For many, diversifying your workforce starts at the source. The more diversity in the candidate pool applying for your job, the more likely there will be diversity in the resulting hires. So, if you are not getting the range of diversity you need in your candidate pool, it may be time to change or expand where you are sourcing your candidates.
Job boards, associations, recruiting firms, and other candidate sources all claim the same thing – access great candidates you need to hire. They may emphasis speed, volume, quality, experience, diversity or specific demographic groups, or any other number of differentiators or other alluring buzz words.
Unfortunately, not all candidate sources are equal in quality, quantity, or diversity of the candidate pools they offer. The key is to dig beyond the marketing claims to understand their true offering.
When evaluating a candidate source for generic use or for specific jobs, here are a few things to evaluate:
1. The candidate pool
What the candidate pool looks like that you’d be drawing from.
Ask the candidate source provider for details about their candidate pool. Ask for facets like:
Size of the active candidate pool: how many users/candidates/contacts do they have
Demographics: are they candidates representing the groups you want to engage
Geography: are the candidates where you need them to be
Roles/experience/industry: will the candidates meet your needs
2. The candidate sources
Where the candidate pool comes from. In other words, how is the candidate source building its candidate pool that it is offering to you?
Find sources that offer candidates you don’t already have access to through your existing sources. Offerings that post to the same job boards you are already using or draws from educational institutions you already engage with are not going to add value to your candidate pipeline.
Ask the candidate source provider:
Where are the candidates coming from?
How do you maintain and cultivate your candidate pool?
How do you maintain quality and quantity of your candidates?
Organizations that can’t clearly explain the answers to those questions are either hiding something, or don’t really know. And if they don’t know, they don’t have control to cultivate or improve that pool.
3. The differentiation
Why this candidate source is different from all the rest. There are thousands of candidate source providers in the US alone. From huge job boards and massive recruiting organizations, to community centers and college placement offices, and specialty associations. Understanding what differentiates them will give you a sense of what they prioritize and how they run their business.

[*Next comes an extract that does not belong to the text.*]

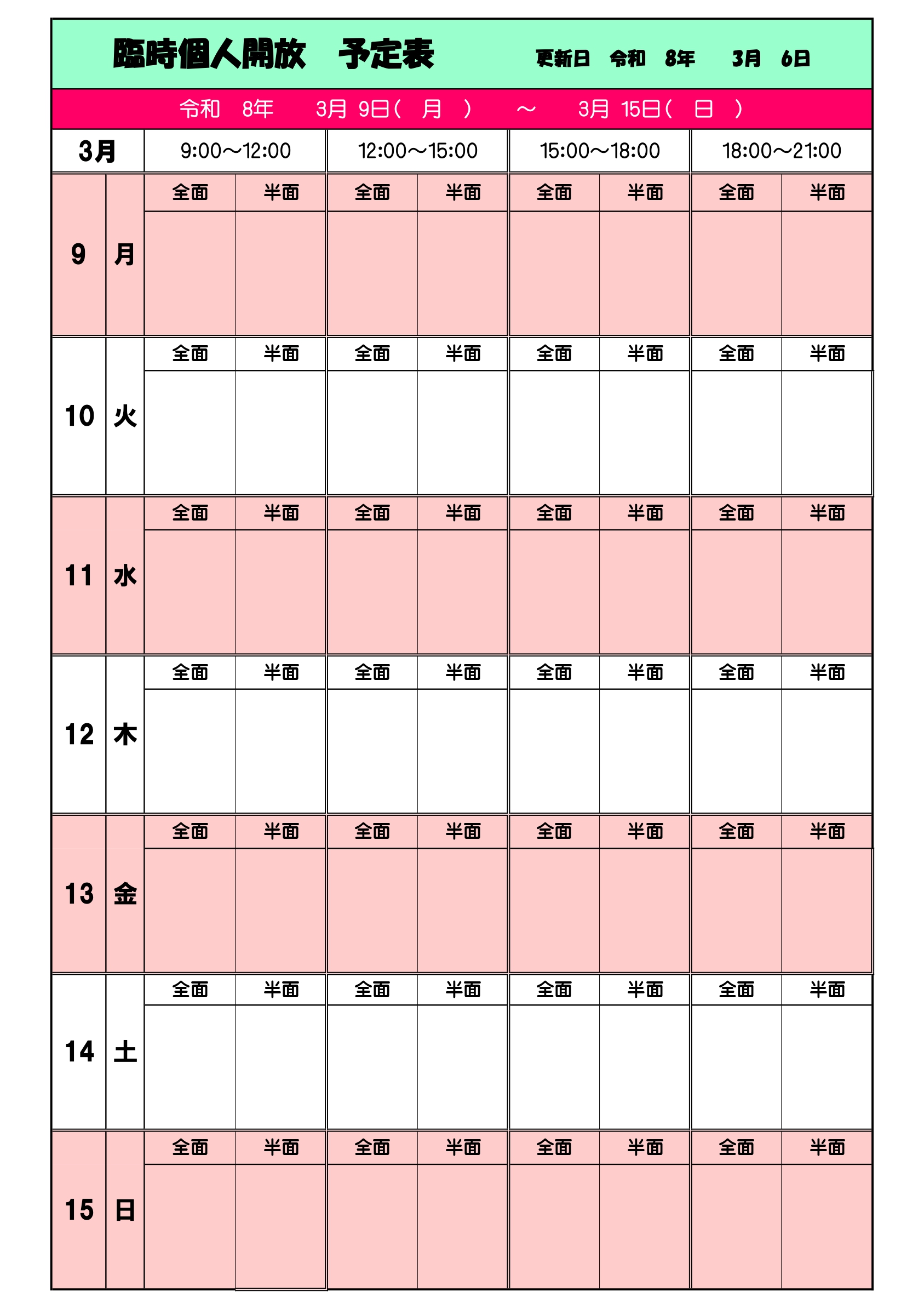 3月9日(月)~3月15日(日)の臨時個人開放は開放なしとなっております。

Ask the candidate source provider what differentiates them from everyone else and how they drive that differentiation in their business.
Look for organizations that are aligned with what you need to meet your goals – quality, speed, quantity, diversity, experience, etc.
4. The performance
How well the candidate source works. Candidate pools aren’t worth anything if the candidates don’t apply for your jobs.
Ask the candidate source provider about the performance for typical jobs and specific jobs like yours. Look for facets like:
Number of candidates that apply to the job
Number of candidates that are hired
Time it takes from post to apply
Time it takes from post to fill
Metrics like these are affected by a number of variables including time of year, type of job, industry, salary, etc. For the best insights, ask for examples that cover multiple times of year and that align with your jobs or ask for averages that represent a wide range of jobs.
5. The experience
How the candidates experience the process. When a candidate applies to your job, the candidate will attribute the experience to you. They don’t care that the rude automated message or no message at all was the fault of the candidate source provider, they will blame you.
For candidate experience, be a candidate. Go through the provider’s process, interface, technology, etc. as though you are a candidate and experience it yourself. If it’s a closed environment (i.e. members only), ask for a demonstration or for temporary access.
Ideally, be a candidate without the provider knowing it’s you so you get the full experience.
6. The proof
Data proving the claims. Claims are easy but, without proof, they remain just claims.
Ask the candidate source provider for proof. Data that backs their claims of candidate pool size and demographics, data around performance, testimonials and references of other customers, and/or surveys from candidates.
Also, always ‘read the fine print’. Understand the data – its context and scope. For example, data showing you “candidates love this process” is not valuable if the dataset is five candidates selected because they were also employees of the company.
7. The cost
How much is it going to cost for a job, candidate, and hire. Whatever the offering; small candidate pools of highly qualified candidates, huge candidate pools of mixed quality and interest, highly tailored searches to give you just one perfect candidate - what matters is the return on investment.
Understand the cost structure and what you get for that investment.
It’s not the bottom line that matters, it is what you get for that bottom line – quality, quantity, hires.
8. The Bonus: measure, measure, measure
To properly evaluate a source and calculate the return on investment, don’t just use their pricing and what you get for it, measure the results.
Measure the quantity and demographics of the candidates coming in through the candidate source provider. Measure the quantity and demographics of the candidates you hire from the source provider. Measure how many of those candidates are still with the organization six months and 12 months later. Use free trials and small pilots when appropriate (and available) – and measure, measure, measure!